Рузский гарнизоном не занимался и в то, что происходило в городе, не вмешивался. Я был предоставлен собственным силам и своему житейскому опыту. Как и подавляющее большинство офицеров и генералов, я очень плохо разбирался в политике и даже не очень отличал друг от друга объявившиеся после февральского переворота многочисленные политические партии и группы.
Сказывалось любопытное свойство дореволюционного русского интеллигентного офицерства периода того общественного спада и упадка, которым сопровождалась разгромленная царизмом первая русская революция. Нельзя было считать себя культурным человеком, не зная, например, модных течений в поэзии или не посмотрев нашумевшей премьеры. Но это не мешало любому из нас, считавших себя высокообразованными людьми, иметь самое смутное представление о программных и тактических разногласиях в партии социал-демократов и даже не представлять себе толком, кем на самом деле является Владимир Ильич Ленин, возвращения которого так ждали в столице. И если я знал Ленина, то это было редким исключением в нашей среде, да и обязан я был этим не собственному развитию, а моему брату-революционеру.
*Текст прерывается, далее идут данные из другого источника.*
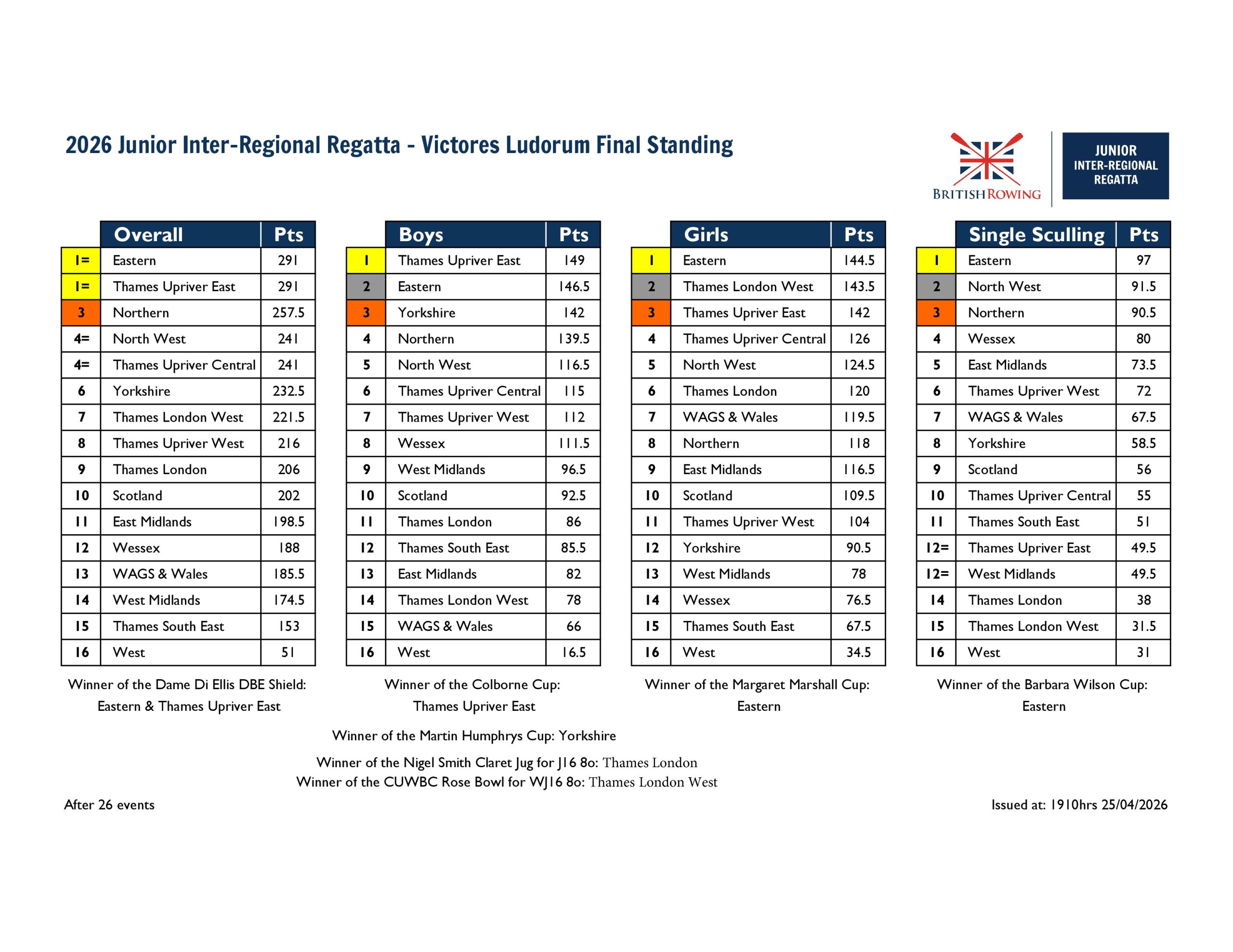 Eastern Region and Thames Upriver East tied for overall first place. Victor Ludorum positions are shown in the tables below.
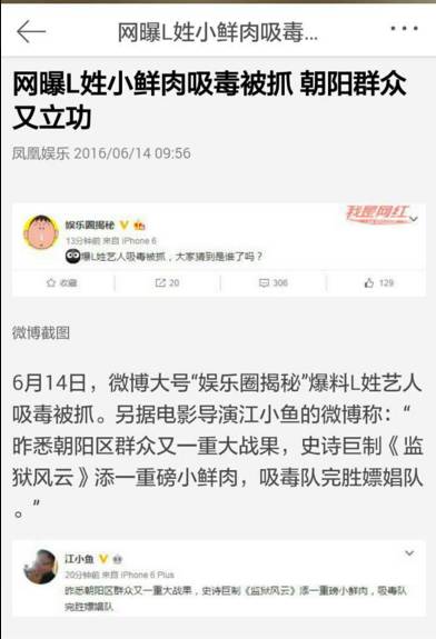 6月14日,微博大号“娱乐圈揭秘”爆料L姓艺人吸毒被抓。另据电影导演江小鱼的微博称:“昨悉朝阳区群众又一重大战果,史诗巨制《监狱风云》添一重磅小鲜肉,吸毒队完胜嫖娼队。”
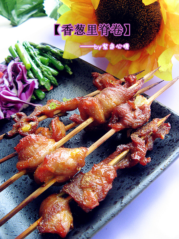 1、卷入香葱段感觉麻烦的话就直接烤里脊肉吧,味道也不错。这样连竹签也省了。
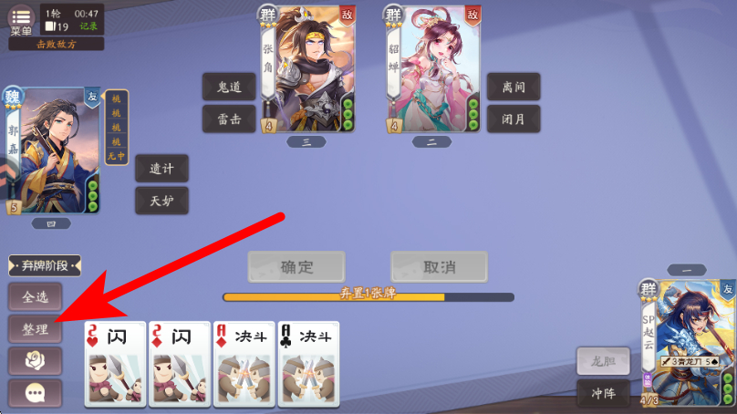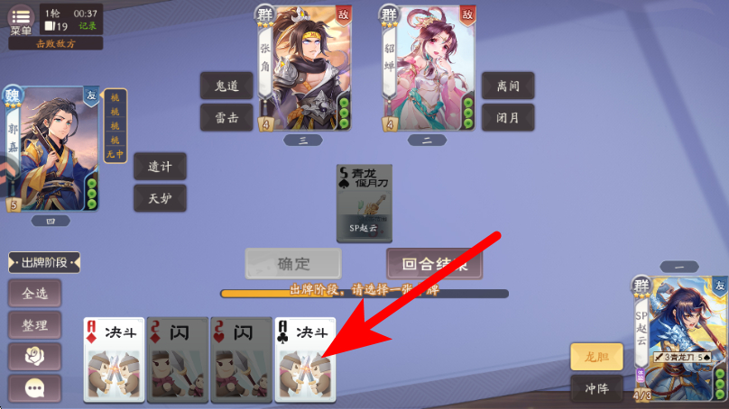 4、根據(jù)局勢點(diǎn)擊整理,利用卡牌組合和武將技能,擊敗敵方角色。

Но при всем моем политическом невежестве одно я твердо усвоил: старого не вернуть, колесо истории не станет вертеться в обратную сторону, и потому нечего и думать реставрировать в армии сметенные революцией порядки. Я хорошо знал настроение солдат: никто из них не видел смысла в продолжении войны и не собирался отдавать свою жизнь за Константинополь и проливы, столь любезные сердцу нового министра иностранных дел Милюкова, кадетского лидера. Чудом уцелев от немецких пуль, снарядов и ядовитых газов, фронтовик хотел вздохнуть полной грудью, вернуться к себе на завод или в деревню, помочь обездоленной семье, воспользоваться наконец-то пришедшей свободой.
По штабным должностям, занимаемым мною все годы войны, я был знаком и с солдатскими разговорами, о которых доносила полевая жандармерия, и с солдатскими письмами, которые бесцеремонно просматривались и «подправлялись» военными цензорами.
Революция развязала языки, солдаты прямо писали о том, что воевать не могут и хотят домой.
Армия действительно не хотела воевать. Все больше и больше солдат уходило с фронта. По засекреченным данным Ставки, количество дезертиров, несмотря на принимаемые против них драконовские меры, составило к февральской революции сотни тысяч человек. Такой «молодой» фронт, как Северный, насчитывал перед февральским переворотом пятьдесят тысяч дезертиров. За первые два месяца после февральской революции из частей Северного фронта самовольно выбыло двадцать пять тысяч солдат.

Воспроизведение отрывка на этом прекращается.